Reading is in the county of Berkshire in the south east of England. Reading has served as the county town since 1867 and was founded in the eighth century. Reading began life as a Saxon settlement and was originally called Reada Ingas, which means the people of Reada.
Reada was a Saxon leader who settled in the area with his tribe in the 6th century. Reading Abbey was founded by King Henry I in 1121 where he moved with his family and was later buried there in December 1135.
The Abbey was opened by St. Thomas A'Becket. He was the Archbishop of Canterbury who was hacked to pieces in his Cathedral because he wouldn't do what the King wanted.
Reading prospered in the middle ages because it was on the main road between London and the West of England. There were many fullers in Reading as well as dyers, weavers, and tailors. The leather industry was one of the largest trades in Reading were the Leather was tanned then was used to make shoes, hats, bottles and saddles.
There were also many vintners (wine merchants) as the upper class mainly drank wine. The Sun Inn in Castle Street is the most fascinating of Reading's old pubs. It has a Norman archway which once led to a large underground hall.
There were 3 parishes in the town, St Marys, St Giles and St Laurence’s. In the middle Ages each parish had to have butts where all men practiced archery.
By the end of the 16th century Reading was home to over 3,000 people during the medieval period and Tudor times.
Reading also started to grow rich on its trade in cloth which was the main source of income for the economy, however the taxes levied on the town by the garrison badly damaged its cloth trade, and it did not recover.

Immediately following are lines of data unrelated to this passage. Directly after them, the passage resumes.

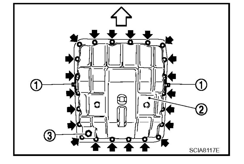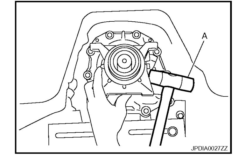 CAUTION: When setting transmission jack, place wooden blocks to prevent from damaging control valve with TCM and transmission case.
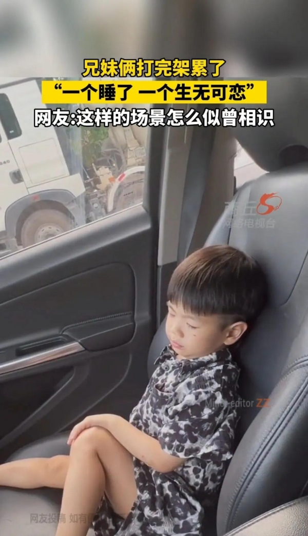 这一幕被拍照并上传到网络上,引起了网友们的热议。有网友调侃说:"男孩心大,女孩气性大。"这似乎也是这对姐弟俩之间的真实写照。
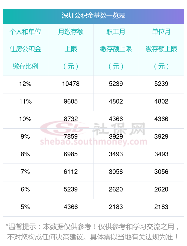 最新深圳的住房公积金缴存基数范围是2420~35283,上限比例范围是5%-12%。

Reading, like other towns, suffered outbreaks of plague in the 16th and 17th century. From 1646 the town council set aside houses where people suffering from the plague could be quarantined.
The 18th century saw the beginning of a major iron works in the town and the growth of the brewing trade for which Reading was to become famous.
The opening of the Kennet and Avon Canal in 1810 made it possible to go by barge from Reading to the Bristol Channel. This brought not only better transport but opened opportunities for trade and tourism.
In the 19th century the town also made 'Reading Sauce', described as a sharp sauce flavored with onions, spices, and herbs, very like Worcestershire Sauce. During World War II Reading was considered a 'safe' town (one unlikely to be bombed). Therefore many children from London were evacuated to Reading early in the war. But it was not entirely safe. In an air raid on 10 February 1941 41 people were killed and 153 were injured.
The local shopping centre, The Oracle, built in 1999, is not named after the US database company but rather after the 17th century workhouse founded by John Kendrick which previously occupied the site. The original 'Oracle' gates can be seen in the Museum of Reading in the town hall and still stands proud today.